The style-over-substance criticism has real teeth. As the show progressed, some viewers felt that the visual ambition began to outpace the writing, creating episodes that looked incredible but didn’t hold together on a story level. Beautiful shots and elaborate sequences can carry a scene, but they can’t replace character motivation and logical plot progression. When those foundations weaken, the spectacle starts feeling hollow.
Questions about the show’s handling of mature content persist. Euphoria depicts drug use, nudity, and violence extensively, and there’s an ongoing debate about where the line falls between honest portrayal and gratuitous provocation. Some viewers feel the show earns its difficult content through the emotional truth it’s pursuing. Others feel certain scenes exist primarily for shock value, particularly in the second season where the connection between explicit content and character development feels looser.
Creative control has become a talking point. Concerns about the writing process and the gap between seasons have filtered into public discussion, and while behind-the-scenes dynamics don’t change what’s on screen, they do shape expectations for where the show can go next.
Carried by a Performance
Strip away the visual fireworks and the cultural conversation, and Euphoria’s staying power comes down to one thing: Zendaya makes you care about Rue. In scenes where the show is firing on all cylinders, her performance grounds the surreal visual style in something painfully human.
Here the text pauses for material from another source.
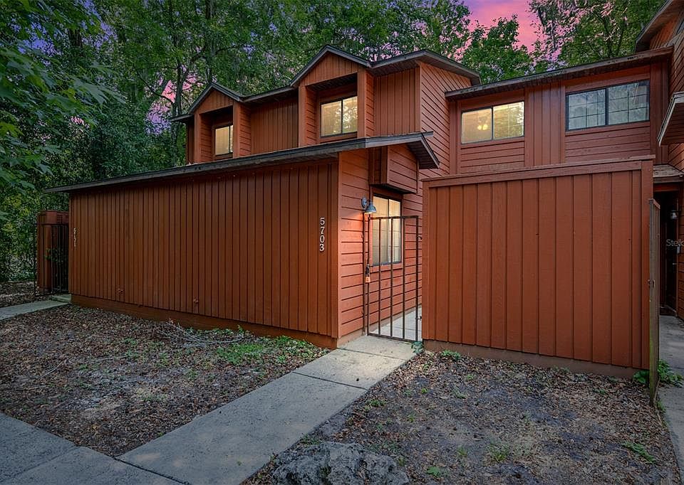 This affordable single family town home is in desirable location for students, professionals, and investors on the 20 and 21 direct bus line to the University of Florida. The Community is close to shopping, restaurants, I-75, Oaks Mall and UF. There are two community swimming pools, tennis and pickleball courts and volleyball court for onsite outdoor activities. The unit has a gated private entrance leading into the tiled front foyer. The bedrooms, stairs and living and dining room all boast laminate wood flooring while the bathrooms, kitchen laundry with 3 year old washer and dryer and enclosed porch, adding undocumented heated and cooled square footage, all boast tile flooring. The Living room has storage nook under the stair well and two story vaulted ceilings. The main bedroom upstairs overlooks the living room. There is a small space with a window that can be used as a large closet, 3rd room, office/den, workout space, etc. The kitchen cabinets, countertops and backsplash were updated around 5 years ago while the range and microwave were replaced in 2020. The HVAC was replaced in 2020 and the roof, even over the enclosed porch, was fully replaced in 2021. To top it all off, there is a paver lanai back porch that is great for morning cup of coffee or evening glass of wine.

The addiction storyline works because she plays it without vanity or sentiment, and episodes built around Rue’s lowest moments rank among the best television HBO has produced in recent years.
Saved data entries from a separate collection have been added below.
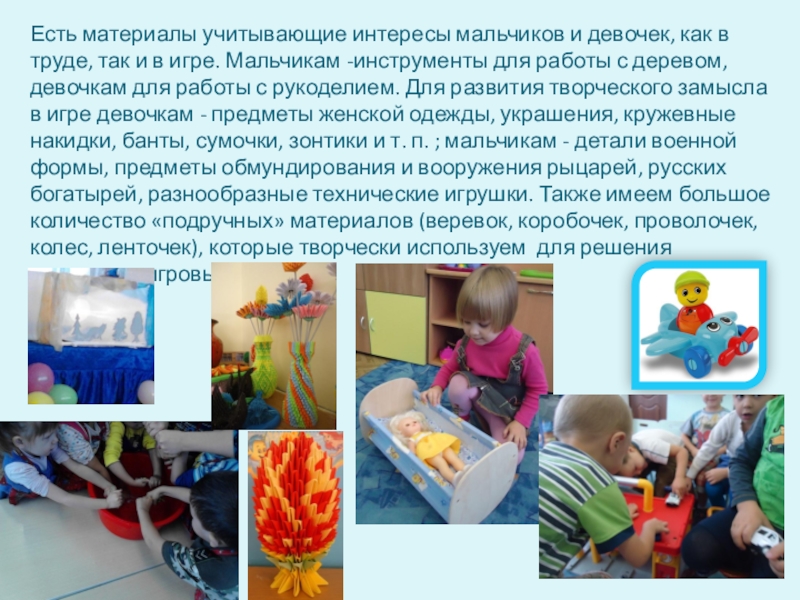 и в игре. Мальчикам -инструменты для работы с деревом, девочкам для работы с рукоделием. Для развития творческого замысла в игре девочкам - предметы женской одежды, украшения, кружевные накидки, банты, сумочки, зонтики и т. п. ; мальчикам - детали военной формы, предметы обмундирования и вооружения рыцарей, русских богатырей, разнообразные технические игрушки. Также имеем большое количество «подручных» материалов (веревок, коробочек, проволочек, колес, ленточек), которые творчески используем для решения различных игровых проблем.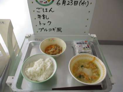 今日の給食 6月23日(水) 公開日 2021/06/23 更新日 2021/06/23 食育・給食 今日の献立は ・ごはん ・牛乳 ・トック ・プルコギ風 トックは韓国のおもちです。米には「うるち米」と「もち米」があります。日本のもちは「もち米」から作りますが、韓国のもちは「うるち米」から作ります。トックは、一つ一つ丸めるのではなく、棒状にしたものを斜めにスライスします。また、細い棒状にして短く切ったものをトッポギといいます。小おかずは、トックと同じく韓国料理のプルコギ風です。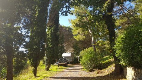 The slightly dull day perked up and we could enjoy the sea views from amongst the pine trees at the sprawling Camping San Martino.

That reliance on a single performance is both a strength and a vulnerability. When the show drifts away from Rue for extended stretches, the quality gap becomes apparent. The ensemble has strong individual moments, but the writing hasn’t given most characters the same depth and consistency that Rue receives. A show this ambitious needs more than one load-bearing pillar, and right now Zendaya is holding up more weight than any actor should have to.
Should You Watch Euphoria?
Euphoria will connect with viewers who respond to bold visual storytelling and aren’t put off by difficult subject matter. If you’re drawn to shows that attempt to capture the emotional extremes of adolescence without softening them, Season 1 in particular delivers that with real power. Fans of character-driven drama anchored by a standout lead performance will find plenty to admire.
Give it a pass if you have low tolerance for graphic content or if inconsistent writing quality across seasons is a dealbreaker. The show asks for patience and a willingness to accept that its reach sometimes exceeds its grasp.
The Verdict on Euphoria
Euphoria is a show at war with itself, capable of breathtaking television one moment and baffling creative choices the next. Zendaya’s performance alone justifies watching, and Season 1 builds a compelling foundation that hooks you fast. But the cracks that appear in Season 2 are real, and they raise legitimate questions about where the show goes from here. It’s a series worth watching with the understanding that it might frustrate you as often as it moves you.